Ratu Techi (born 1965) is an Indian politician from Arunachal Pradesh. He is an MLA of the Bharatiya Janata Party from the Sagalee Assembly Constituency in Papum Pare district. He was elected to the 2024 Arunachal Pradesh Legislative Assembly election unopposed.

== Early life and education ==
Techi was born in Rigo village but lives in Nimte village in Papum Pare district. He studied in government schools in Sagalee and Doimukh. Later, he studied engineering and joined the government as an Assistant Engineer in the Public Works Department of Arunachal Pradesh in 1989. He was an active ABVP leader for many years.
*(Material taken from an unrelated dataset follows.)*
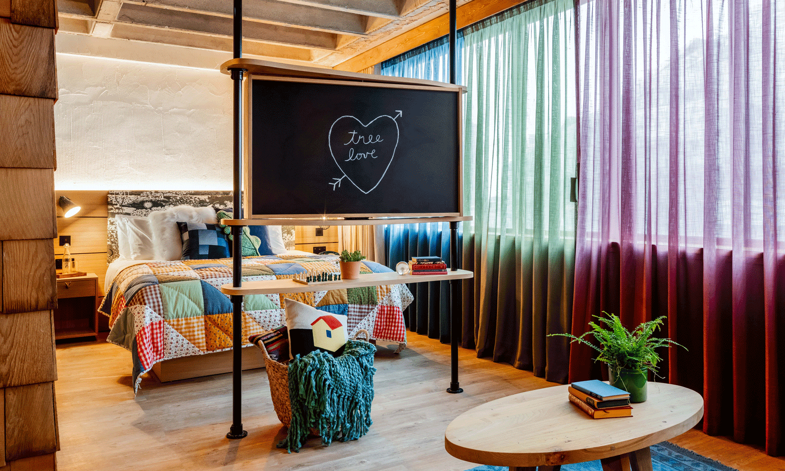 Among the most intricate custom elements was a rotating TV box. Set within a shelving frame made of scaffolding poles and distressed wood, it allows guests to swivel the screen between the bedroom and lounge areas. The mechanism needed to rotate smoothly while stopping short of a full 360° turn to protect hidden electrical cabling. With nothing suitable readily available on the market, Curtis Furniture engineered a bespoke solution to the challenge.

In 2019, he took voluntary retirement as superintendent of engineering to enter politics. He was a recipient of a National Talent Research Organisation scholarship during middle school.

== Career ==
Techi was elected unopposed to the Sagalee Assembly Constituency representing the Bharatiya Janata Party. He is one among the 10 BJP candidates who were elected unopposed as MLAs in the 2024 Arunachal Pradesh Legislative Assembly election. He is the first BJP MLA in the Sagalee seat which was dominated by Indian National Congress MLAs from 1991. Nabam Tuki, former chief minister and a five-time Congress MLA from Sagalee, chose to contest the Lok Sabha election this time but lost.

"I wanted to join politics to give something back to society. I come from a very poor economic background and have worked hard to reach where I am now. I will try my best to ensure that many more poor kids come out of poverty through proper education and support," Techi told Arunachal Times newspaper.